-------- THE INPUT --------
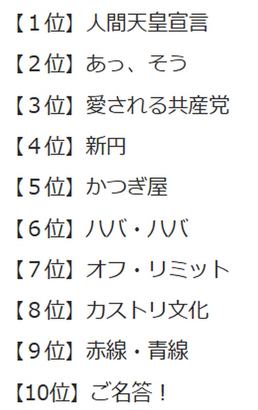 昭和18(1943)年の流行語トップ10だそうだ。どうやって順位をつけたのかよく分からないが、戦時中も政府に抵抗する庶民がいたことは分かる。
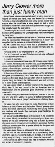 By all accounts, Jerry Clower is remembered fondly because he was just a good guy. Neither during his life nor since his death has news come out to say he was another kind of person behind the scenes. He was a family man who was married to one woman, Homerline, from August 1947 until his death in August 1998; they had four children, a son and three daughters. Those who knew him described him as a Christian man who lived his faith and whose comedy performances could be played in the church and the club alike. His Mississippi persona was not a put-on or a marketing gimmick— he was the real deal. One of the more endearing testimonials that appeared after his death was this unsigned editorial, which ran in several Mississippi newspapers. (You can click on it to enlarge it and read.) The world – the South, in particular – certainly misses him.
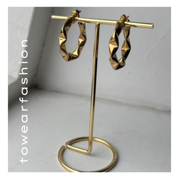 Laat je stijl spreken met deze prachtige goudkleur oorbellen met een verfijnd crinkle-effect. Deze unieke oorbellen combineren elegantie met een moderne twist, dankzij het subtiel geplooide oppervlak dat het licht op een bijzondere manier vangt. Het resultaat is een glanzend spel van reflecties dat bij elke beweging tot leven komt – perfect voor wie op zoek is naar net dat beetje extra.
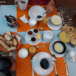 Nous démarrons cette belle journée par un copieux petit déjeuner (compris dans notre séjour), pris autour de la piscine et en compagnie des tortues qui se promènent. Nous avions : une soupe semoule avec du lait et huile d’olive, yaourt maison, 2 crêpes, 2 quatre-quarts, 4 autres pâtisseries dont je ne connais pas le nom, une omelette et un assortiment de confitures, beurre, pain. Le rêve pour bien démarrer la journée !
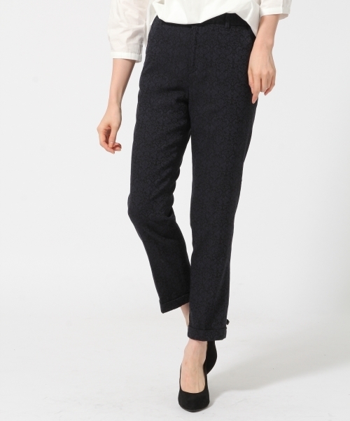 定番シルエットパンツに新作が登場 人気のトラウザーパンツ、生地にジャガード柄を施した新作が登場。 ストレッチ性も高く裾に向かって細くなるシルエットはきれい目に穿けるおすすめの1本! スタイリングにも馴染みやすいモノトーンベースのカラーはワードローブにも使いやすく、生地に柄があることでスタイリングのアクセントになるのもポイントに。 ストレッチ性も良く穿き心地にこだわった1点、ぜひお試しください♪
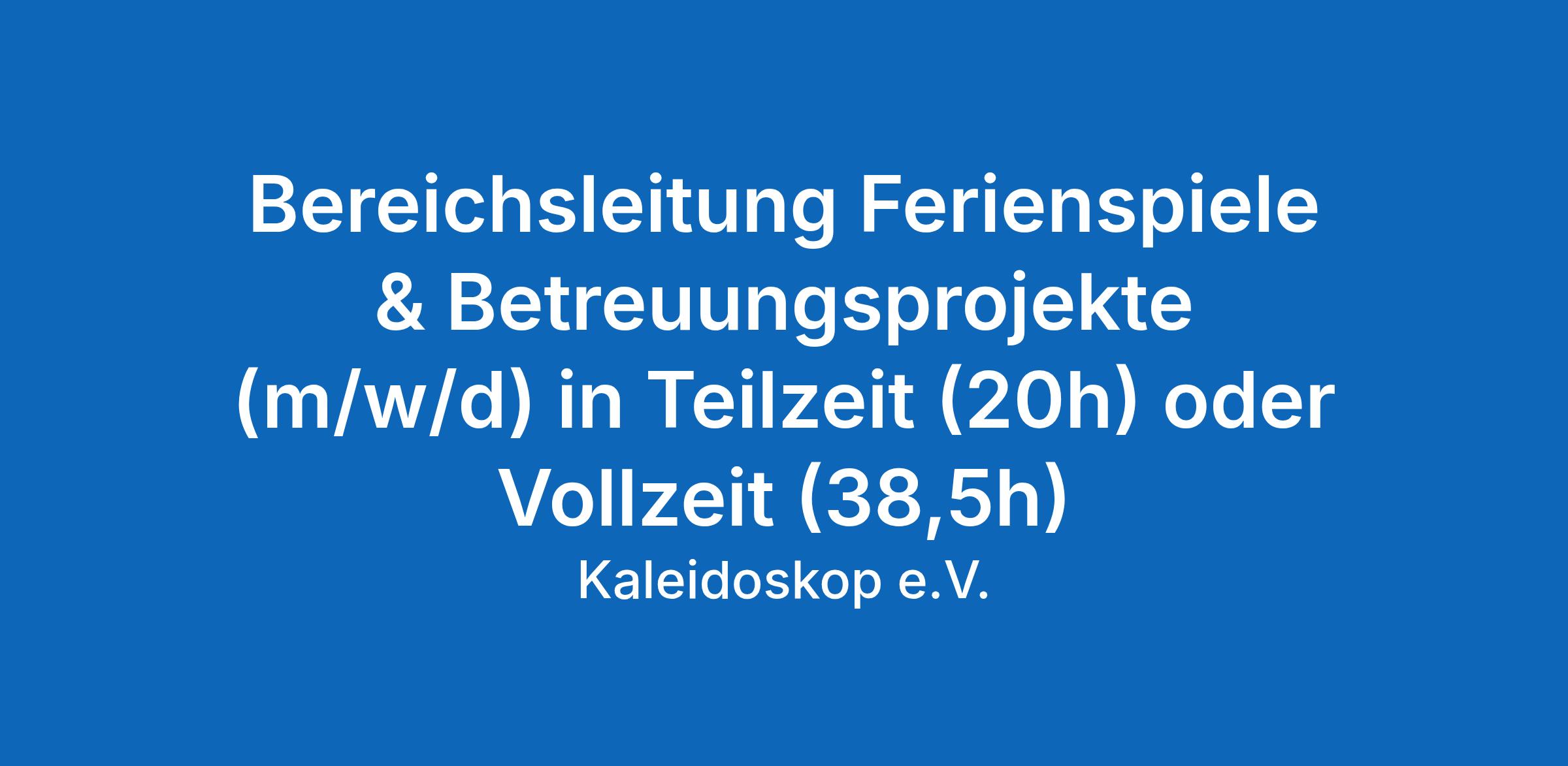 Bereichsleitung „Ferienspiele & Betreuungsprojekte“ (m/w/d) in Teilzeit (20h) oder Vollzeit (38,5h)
--------
-------- THE INPUT --------
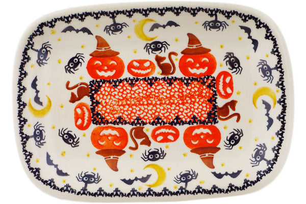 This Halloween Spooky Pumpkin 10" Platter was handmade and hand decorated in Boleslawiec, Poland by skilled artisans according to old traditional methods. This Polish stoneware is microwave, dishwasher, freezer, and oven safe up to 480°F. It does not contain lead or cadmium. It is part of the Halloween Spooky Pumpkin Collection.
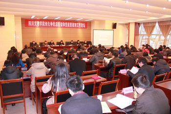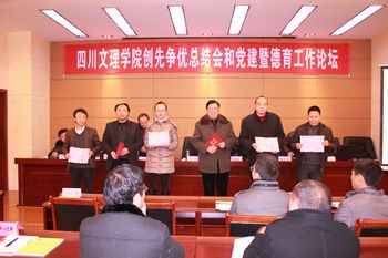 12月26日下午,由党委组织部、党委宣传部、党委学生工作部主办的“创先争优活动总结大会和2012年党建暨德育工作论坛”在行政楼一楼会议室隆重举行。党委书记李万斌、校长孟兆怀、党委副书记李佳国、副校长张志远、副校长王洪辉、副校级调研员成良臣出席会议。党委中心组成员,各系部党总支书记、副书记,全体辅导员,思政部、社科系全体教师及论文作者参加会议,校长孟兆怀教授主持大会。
--------
-------- THE INPUT --------
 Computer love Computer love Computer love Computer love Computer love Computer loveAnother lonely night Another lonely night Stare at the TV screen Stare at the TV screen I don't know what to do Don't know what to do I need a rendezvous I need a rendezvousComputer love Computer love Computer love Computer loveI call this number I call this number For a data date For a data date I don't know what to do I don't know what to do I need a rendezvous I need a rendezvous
--------
**WHAT IS EXPECTED:** Look above for the line holding "This Halloween Spooky" and output everything from it down to the line holding "12月26日下午,由党委组织", both ends included, exactly and without images.

**SOLUTION TO THIS EXERCISE:**
 This Halloween Spooky Pumpkin 10" Platter was handmade and hand decorated in Boleslawiec, Poland by skilled artisans according to old traditional methods. This Polish stoneware is microwave, dishwasher, freezer, and oven safe up to 480°F. It does not contain lead or cadmium. It is part of the Halloween Spooky Pumpkin Collection.
 12月26日下午,由党委组织部、党委宣传部、党委学生工作部主办的“创先争优活动总结大会和2012年党建暨德育工作论坛”在行政楼一楼会议室隆重举行。党委书记李万斌、校长孟兆怀、党委副书记李佳国、副校长张志远、副校长王洪辉、副校级调研员成良臣出席会议。党委中心组成员,各系部党总支书记、副书记,全体辅导员,思政部、社科系全体教师及论文作者参加会议,校长孟兆怀教授主持大会。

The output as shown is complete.